TASK INSTRUCTIONS.
In the copy, keep the lines from the first line of the material below through the line containing "Asimismo, la encuesta" exactly as they are, and include no pictures.

GIVEN ENTRIES.
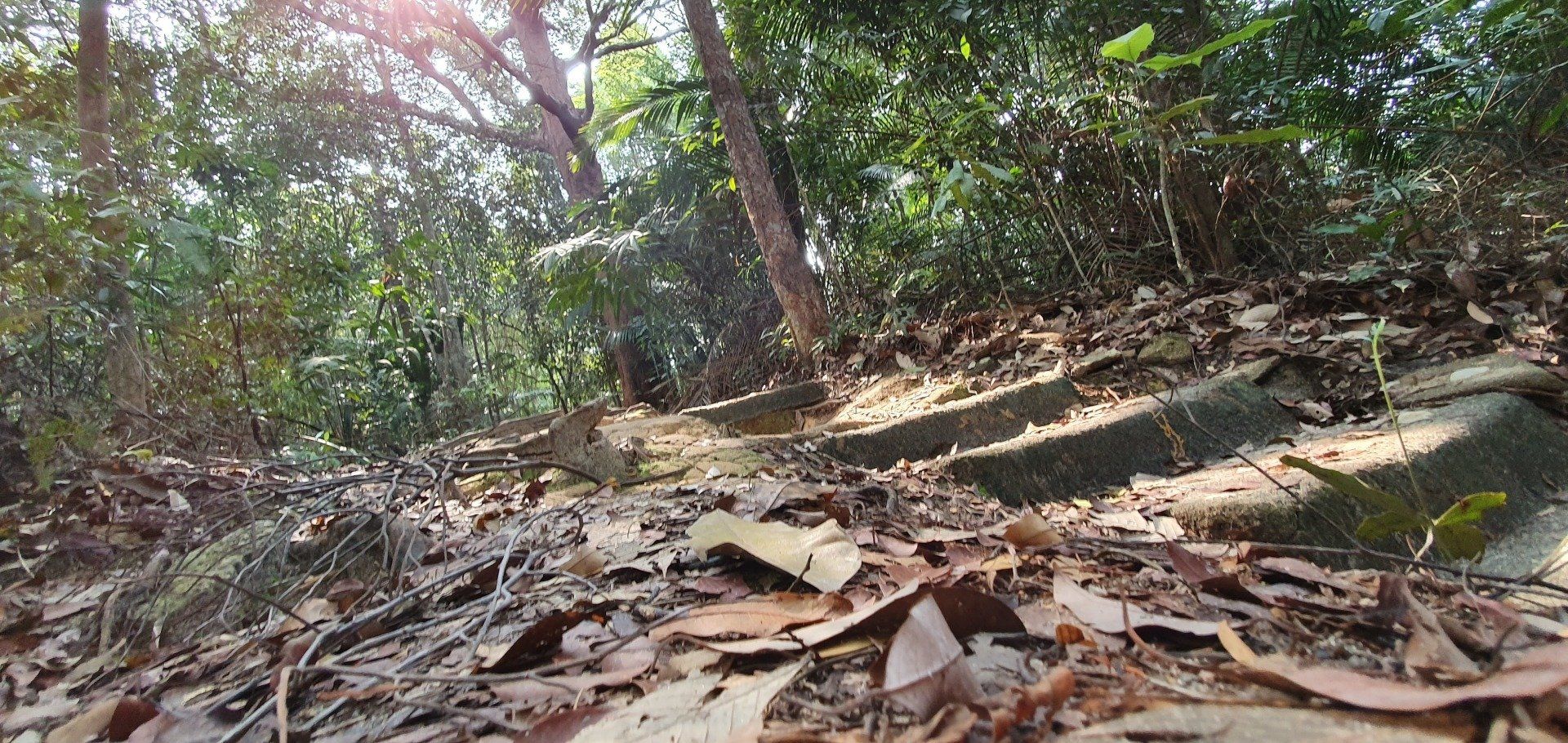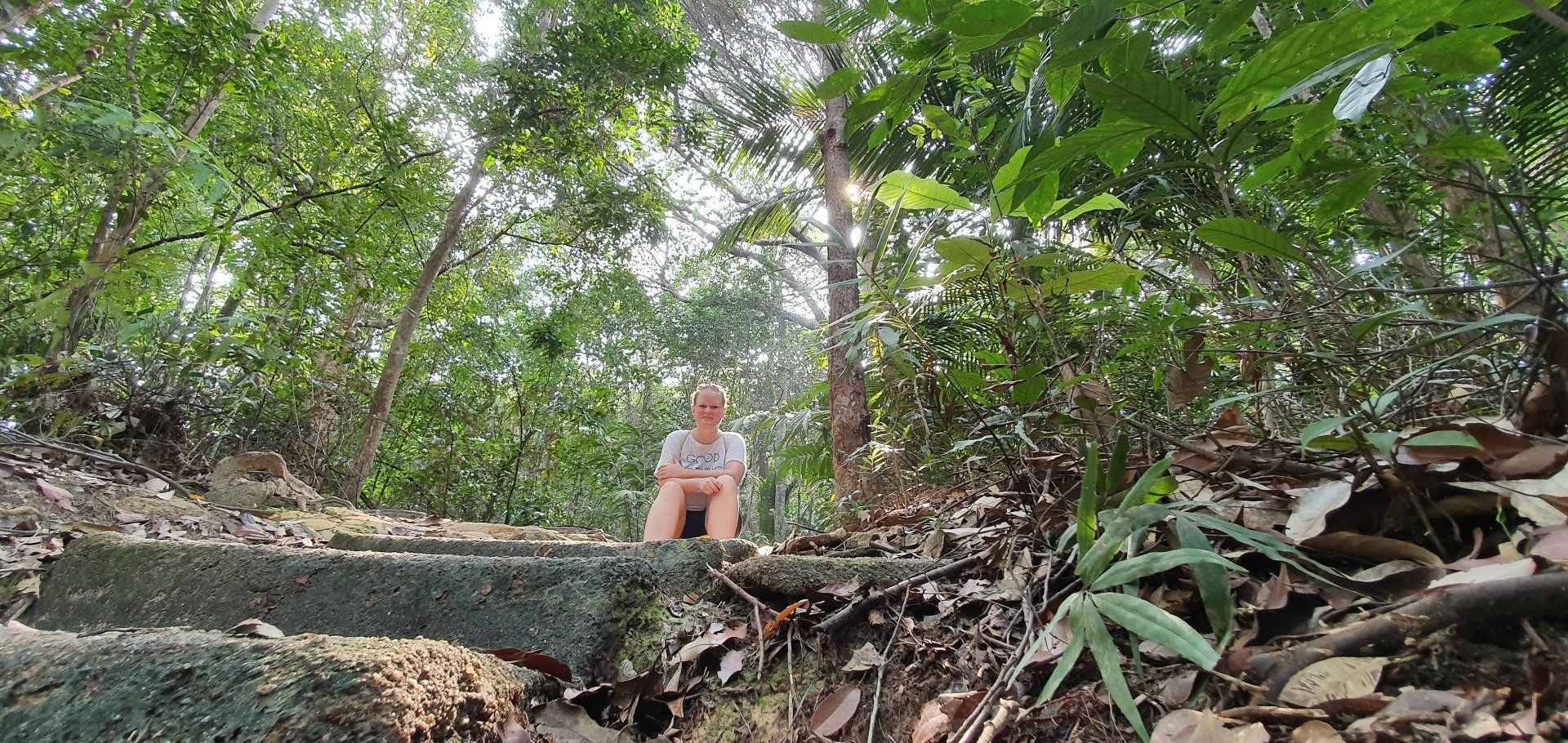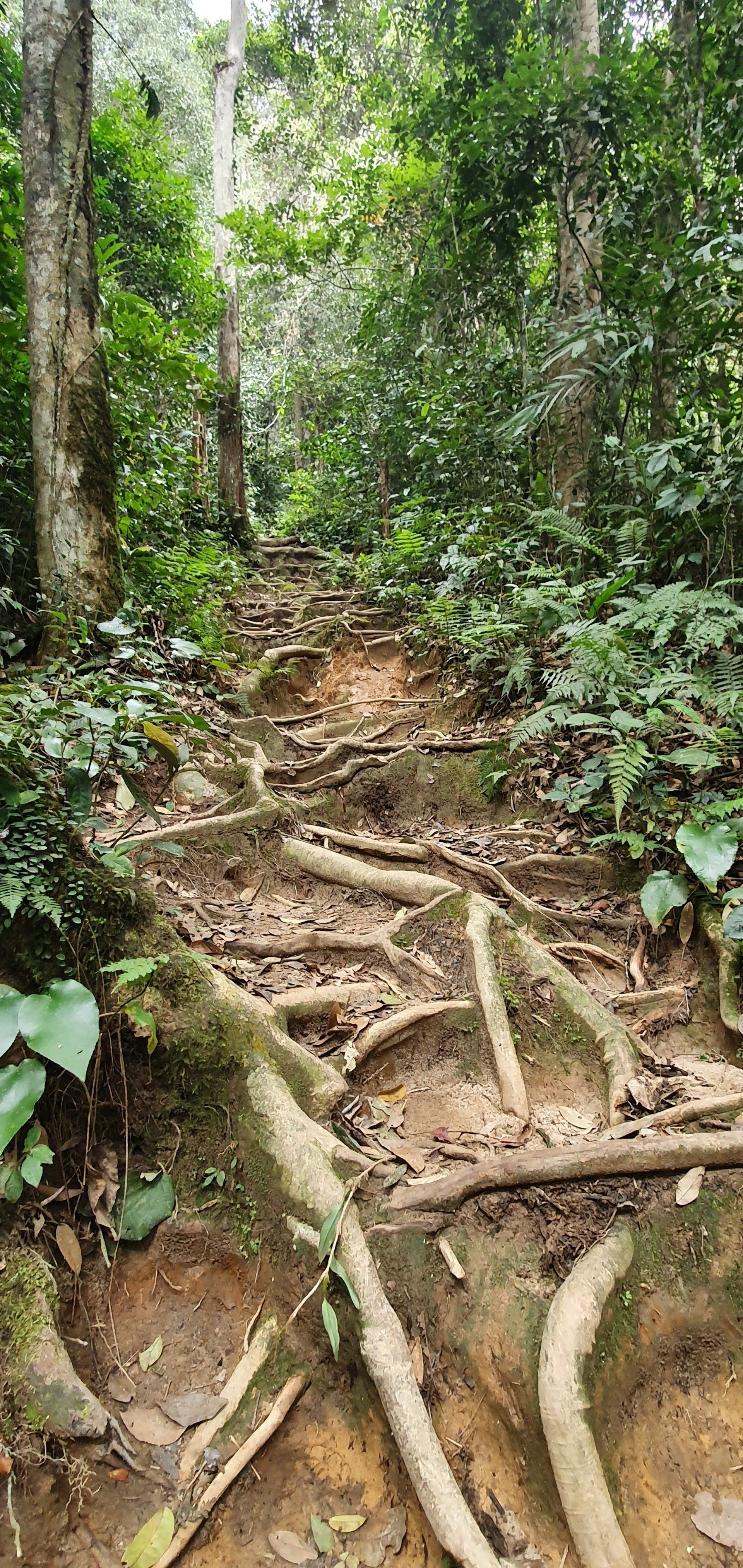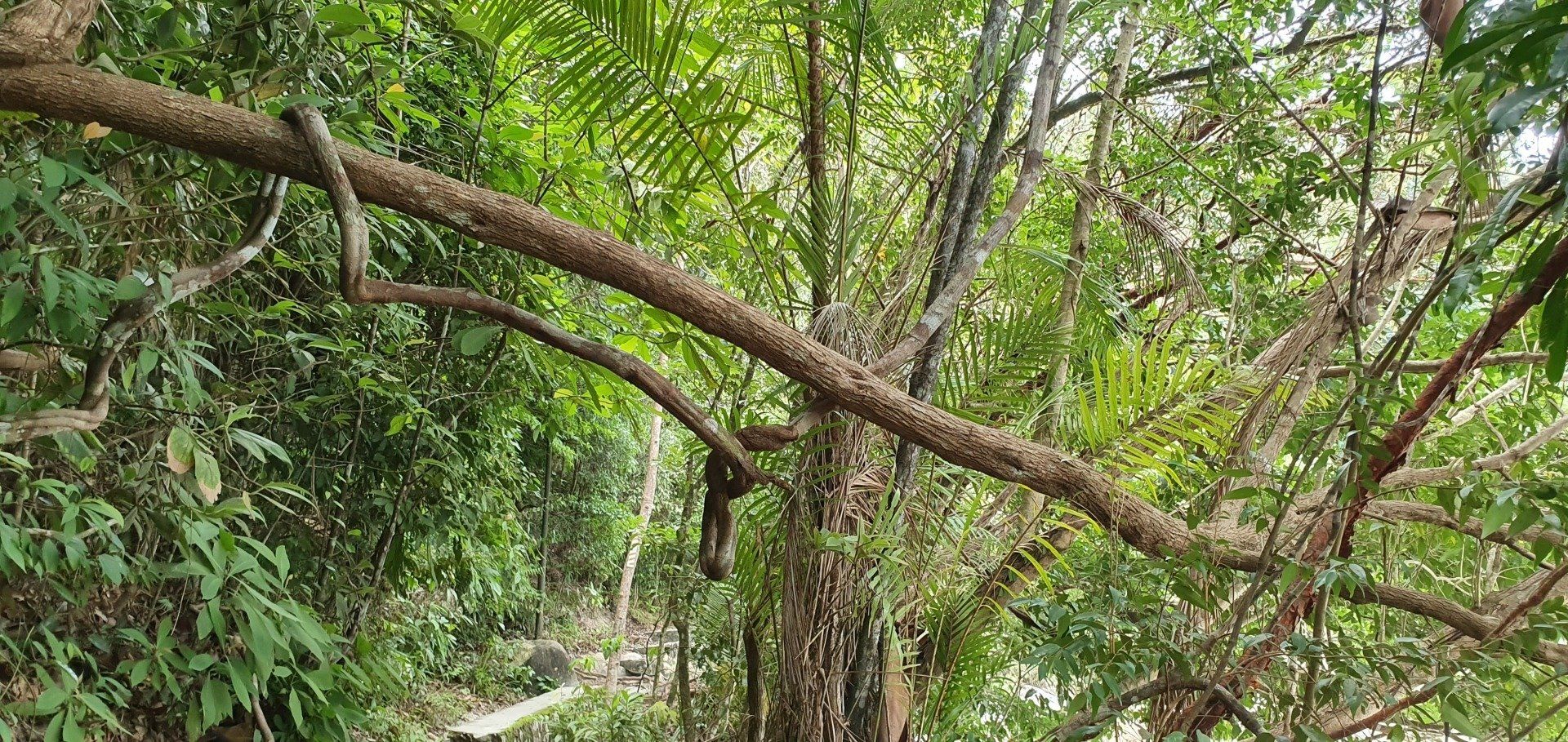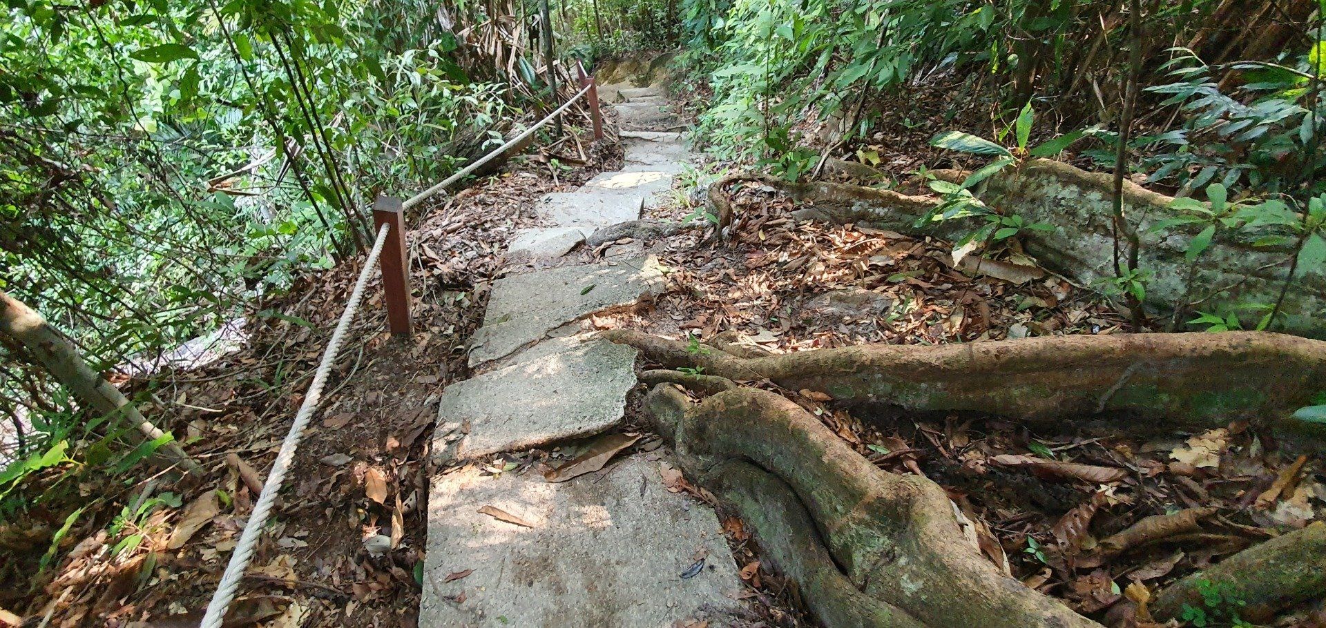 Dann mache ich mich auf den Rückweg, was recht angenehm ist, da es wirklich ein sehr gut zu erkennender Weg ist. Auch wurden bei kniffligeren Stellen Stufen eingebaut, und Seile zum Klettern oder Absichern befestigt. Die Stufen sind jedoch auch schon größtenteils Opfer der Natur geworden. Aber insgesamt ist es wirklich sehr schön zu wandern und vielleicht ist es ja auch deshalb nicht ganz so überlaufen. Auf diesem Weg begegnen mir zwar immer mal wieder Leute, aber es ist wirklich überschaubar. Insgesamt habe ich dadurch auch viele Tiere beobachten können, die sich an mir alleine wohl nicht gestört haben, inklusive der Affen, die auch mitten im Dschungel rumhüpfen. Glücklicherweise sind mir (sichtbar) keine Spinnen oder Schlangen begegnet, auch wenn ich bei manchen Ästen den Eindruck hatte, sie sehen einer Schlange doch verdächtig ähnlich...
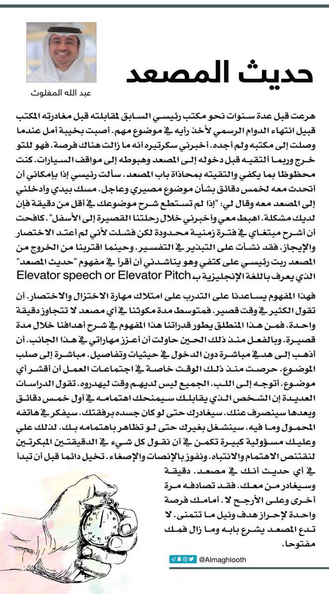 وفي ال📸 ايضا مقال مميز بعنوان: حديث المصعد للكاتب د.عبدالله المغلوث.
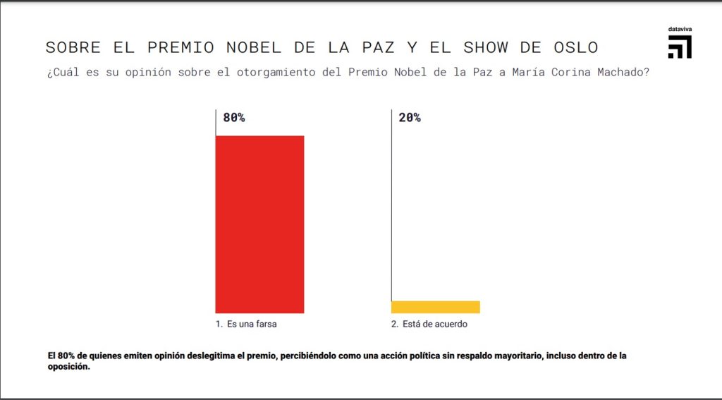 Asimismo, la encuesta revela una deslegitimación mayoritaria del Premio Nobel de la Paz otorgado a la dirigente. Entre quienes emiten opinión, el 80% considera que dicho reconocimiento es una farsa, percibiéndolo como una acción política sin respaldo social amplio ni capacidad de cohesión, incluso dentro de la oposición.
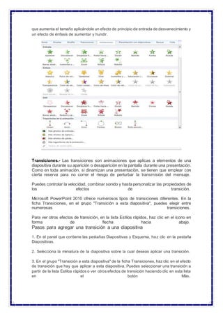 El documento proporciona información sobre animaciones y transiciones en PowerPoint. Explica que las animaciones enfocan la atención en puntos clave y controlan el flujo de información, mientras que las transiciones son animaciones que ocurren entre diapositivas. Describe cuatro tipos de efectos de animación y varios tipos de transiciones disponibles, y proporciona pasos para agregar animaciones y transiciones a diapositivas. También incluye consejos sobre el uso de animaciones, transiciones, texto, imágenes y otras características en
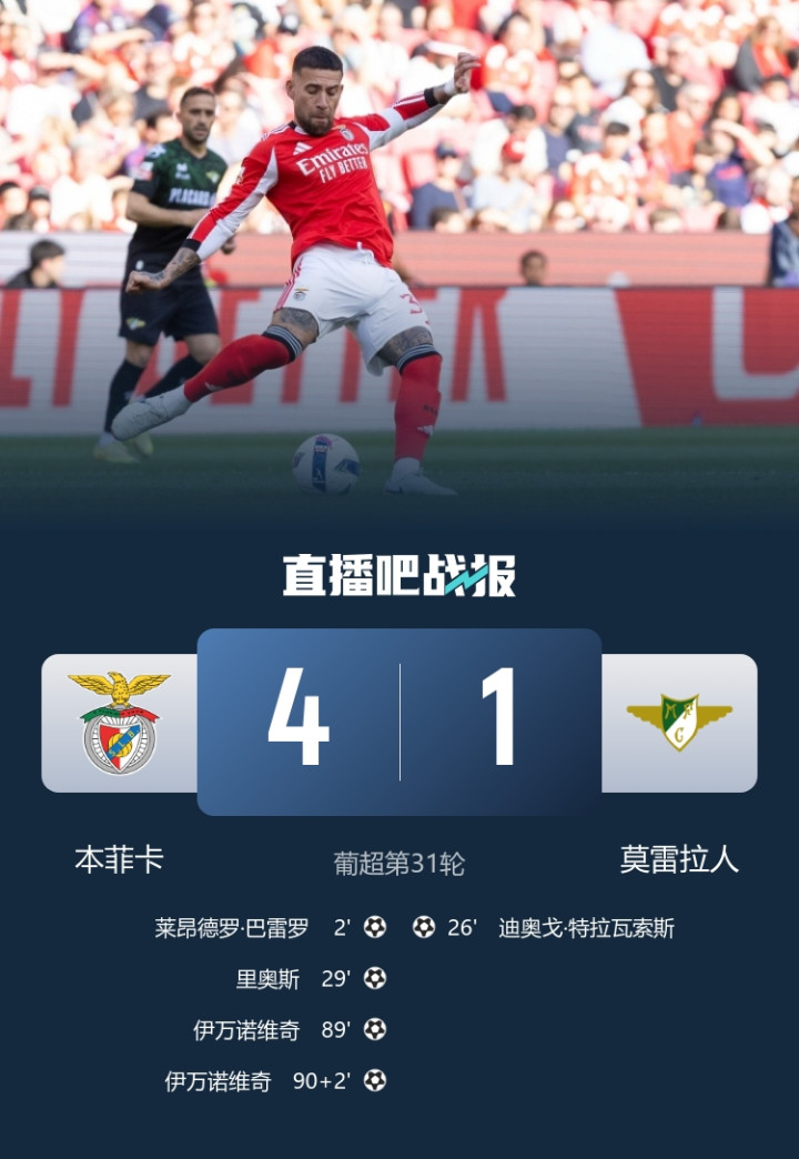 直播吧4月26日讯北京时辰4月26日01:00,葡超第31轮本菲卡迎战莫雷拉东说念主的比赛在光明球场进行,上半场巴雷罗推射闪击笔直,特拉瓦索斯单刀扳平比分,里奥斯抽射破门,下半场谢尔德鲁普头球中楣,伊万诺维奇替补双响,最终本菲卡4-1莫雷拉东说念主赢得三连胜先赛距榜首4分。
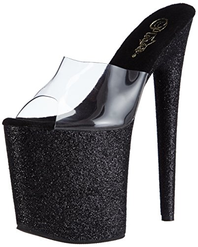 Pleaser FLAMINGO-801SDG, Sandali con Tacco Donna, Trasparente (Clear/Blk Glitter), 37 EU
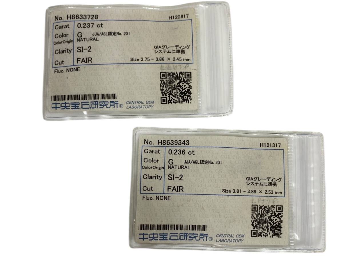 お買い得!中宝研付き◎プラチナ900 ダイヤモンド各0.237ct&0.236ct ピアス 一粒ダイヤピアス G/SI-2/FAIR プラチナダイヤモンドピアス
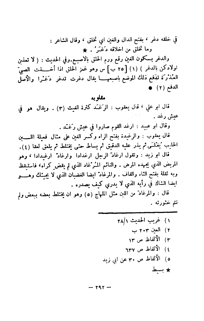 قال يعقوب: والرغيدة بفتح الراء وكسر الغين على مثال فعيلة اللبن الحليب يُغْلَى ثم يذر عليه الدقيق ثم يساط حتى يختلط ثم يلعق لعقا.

RESPONSE TO THIS EXERCISE.
 Dann mache ich mich auf den Rückweg, was recht angenehm ist, da es wirklich ein sehr gut zu erkennender Weg ist. Auch wurden bei kniffligeren Stellen Stufen eingebaut, und Seile zum Klettern oder Absichern befestigt. Die Stufen sind jedoch auch schon größtenteils Opfer der Natur geworden. Aber insgesamt ist es wirklich sehr schön zu wandern und vielleicht ist es ja auch deshalb nicht ganz so überlaufen. Auf diesem Weg begegnen mir zwar immer mal wieder Leute, aber es ist wirklich überschaubar. Insgesamt habe ich dadurch auch viele Tiere beobachten können, die sich an mir alleine wohl nicht gestört haben, inklusive der Affen, die auch mitten im Dschungel rumhüpfen. Glücklicherweise sind mir (sichtbar) keine Spinnen oder Schlangen begegnet, auch wenn ich bei manchen Ästen den Eindruck hatte, sie sehen einer Schlange doch verdächtig ähnlich...
 وفي ال📸 ايضا مقال مميز بعنوان: حديث المصعد للكاتب د.عبدالله المغلوث.
 Asimismo, la encuesta revela una deslegitimación mayoritaria del Premio Nobel de la Paz otorgado a la dirigente. Entre quienes emiten opinión, el 80% considera que dicho reconocimiento es una farsa, percibiéndolo como una acción política sin respaldo social amplio ni capacidad de cohesión, incluso dentro de la oposición.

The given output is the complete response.